L 6 U 8/10 B

Land
Sachsen-Anhalt
Sozialgericht
LSG Sachsen-Anhalt
Sachgebiet
Unfallversicherung
Abteilung
6.
1. Instanz
SG Stendal (SAN)
Aktenzeichen
S 6 U 35/08
Datum
2. Instanz
LSG Sachsen-Anhalt
Aktenzeichen
L 6 U 8/10 B
Datum
3. Instanz
Bundessozialgericht
Aktenzeichen
-
Datum
-
Kategorie
Beschluss
Der Beschluss des Sozialgerichts Stendal vom 18. November 2009 wird aufgehoben.
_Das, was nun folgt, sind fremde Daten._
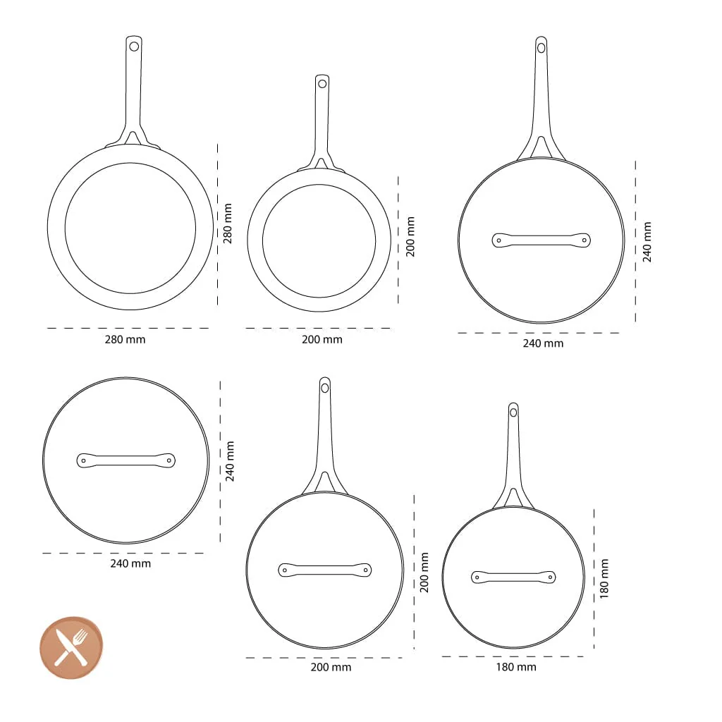 - Materiaal: Aluminium, met een keramische antiaanbaklaag versterkt met diamanten voor optimale prestaties en duurzaamheid.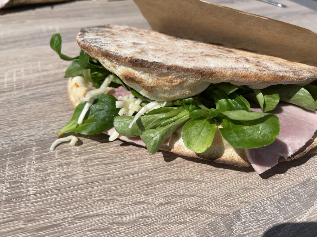 - Le Geno’ : Pesto, poulet, emmental, mozzarella, mélange mâche roquette.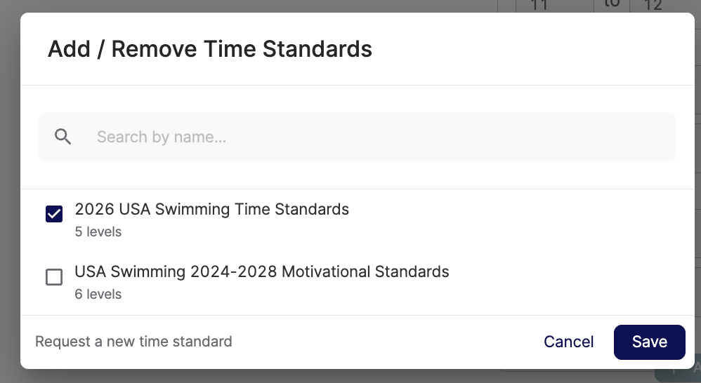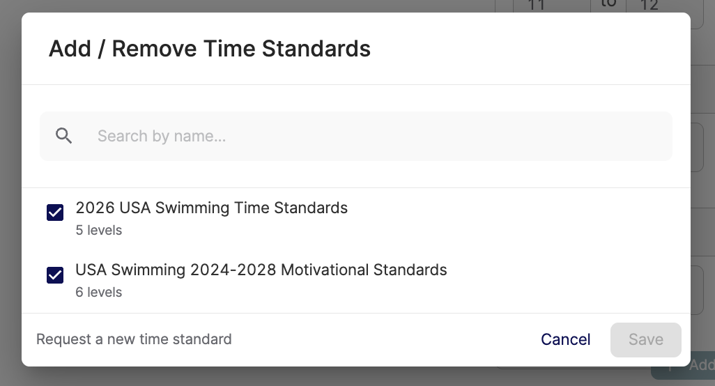 Click the Add Time Standards button to search for and select your time standards.

Dem Kläger wird für das Verfahren vor dem Sozialgericht Stendal Prozesskostenhilfe ohne Ratenzahlungsverpflichtung unter Beiordnung von Rechtsanwalt Ralf Stüdemann, Brandenburg, bewilligt.

Gründe:

I.

Der 1958 geborene Kläger begehrt mit seiner Beschwerde Gewährung von Prozesskostenhilfe (PKH) unter Beiordnung seines Prozessbevollmächtigten für das erstinstanzliche Verfahren. In diesem erstrebt er die Aufhebung eines beitragsrechtlichen Veranlagungsbescheides.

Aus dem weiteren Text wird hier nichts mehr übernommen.